An interesting therapeutic approach was reported by Chang et al.36 when they used intrathrombus bolus dosing of rt-PA in 12 lower extremities of 10 patients with acute DVT. They infused rt-PA intrathrombus using the pulse-spray technique, limiting a single treatment session to 50
mg. Following the pulse-spray bolus, patients were returned to their rooms and brought back the following day for repeat phlebographic evaluation and repeat infusion if necessary. Treatment was repeated up to four times. Eleven of the 12 extremities had significant or complete lysis, and one had 50–75% lysis. Although the average total dose of rt-PA was 106
mg, bleeding complications were minor and no patient dropped their haematocrit more than 2%. This intriguing technique deserves further study to evaluate its applicability to the general population of DVT patients.
The National Venous Registry10 reported 287 patients treated in both academic and community medical centres. Sixty-six percent had acute DVT, 16% had chronic, and 19% had an acute episode superimposed upon a chronic condition. Seventy-one percent of the patients presented with iliofemoral DVT and 25% with femoropopliteal DVT. Catheter-directed thrombolysis with intrathrombus infusion of urokinase (UK) was the preferred approach. In the subgroup of patients with acute, first-time iliofemoral DVT, 65% of the patients enjoyed complete clot resolution.
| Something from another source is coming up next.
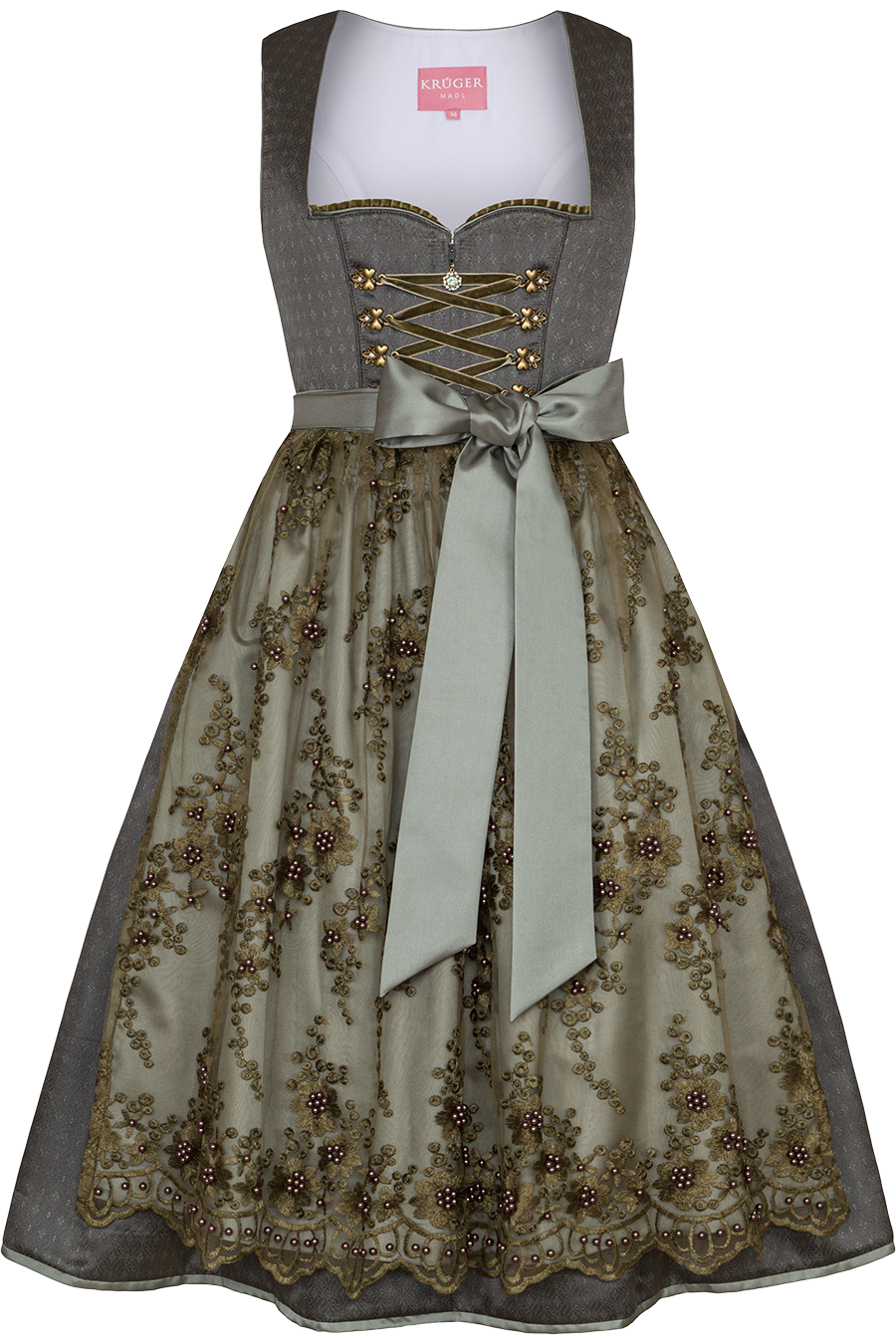 • Feminines Midi-Dirndl von Krüger mit zartem, kleinteiligem Muster. Rocklänge in Größe 36 beträgt ca. 70 cm.
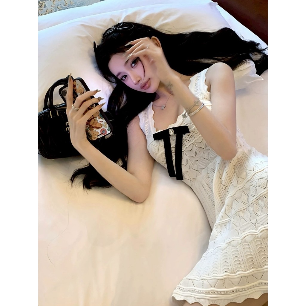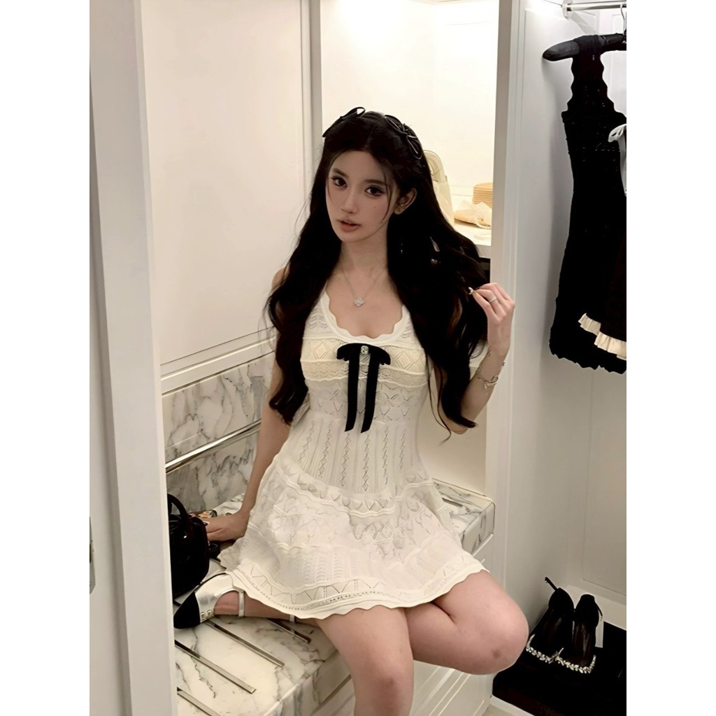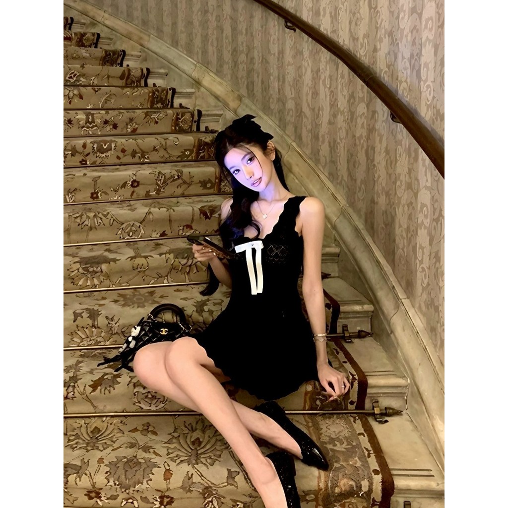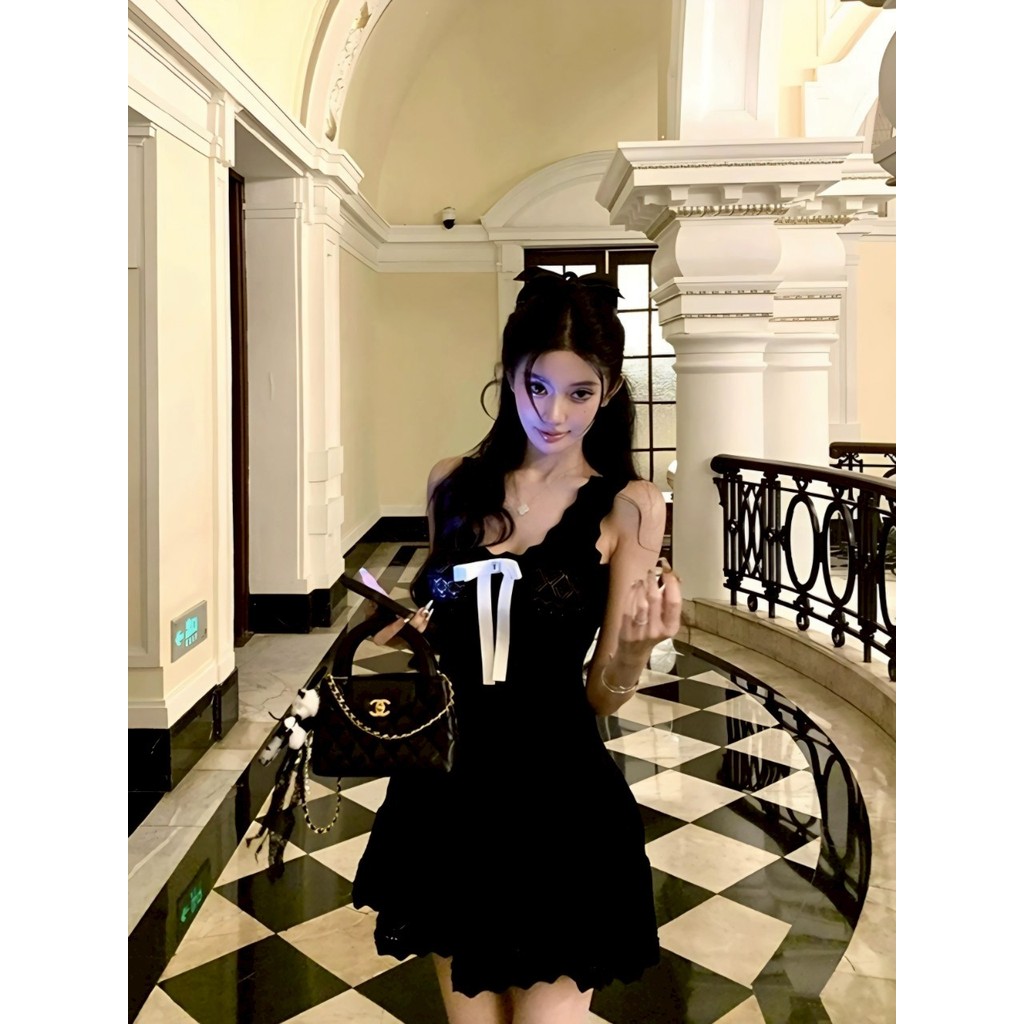 Nemo store?#W-N096-1 ชุดมินิเดรส ผ้าไหมพรม แขนกุด ทรงรัปรูปแต่งโบว์

During follow-up, thrombus-free survival was observed in 65% at 6 months and in 60% at 12 months. There was a significant correlation (P
<
.001) of thrombus-free survival with the results of initial therapy. Seventy-eight percent of patients with complete clot resolution initially had patent veins at 1 year, compared to only 37% of those in whom <50% of the clot was dissolved. Interestingly, in the subgroup of patients with acute, first-time iliofemoral DVT who had initially successful thrombolysis, 96% of the veins remained patent at 1 year. In addition to sustained patency, early success directly correlated with valve function at 6 months. Sixty-two percent of patients with <50% thrombolysis had venous valvular incompetence, whereas 72% of patients who had complete lysis had normal valve function (P
<
.02).
Patients with iliofemoral DVT treated in the National Venous Registry were compared to a contemporary cohort of patients with iliofemoral DVT treated with anticoagulation alone in the same institutions.39 Anticoagulated patients were candidates for lytic therapy but were treated with anticoagulation alone due to physician preference. A validated quality-of-life (QOL) questionnaire was used to query patients at 16 and 22 months post treatment. Of the 98 patients evaluated, 68 were treated with catheter-directed thrombolysis and 30 treated with anticoagulation alone. Those treated with catheter-directed thrombolysis reported significantly better QOL than those treated with anticoagulation alone.39 Quality-of-life results were directly related to the initial success of thrombolysis. Patients who had a successful lytic outcome reported a significantly better health utilities index, better physical functioning, less stigma of chronic venous disease, less health distress, and fewer overall postthrombotic symptoms. Patients in whom catheter-directed thrombolysis failed had similar outcomes to patients treated with anticoagulation alone. These efficacy data combined with the observed reduction in complications with intrathrombus infusion of plasminogen activators offer a solid argument for the management of patients with iliofemoral DVT with catheter-directed thrombolysis.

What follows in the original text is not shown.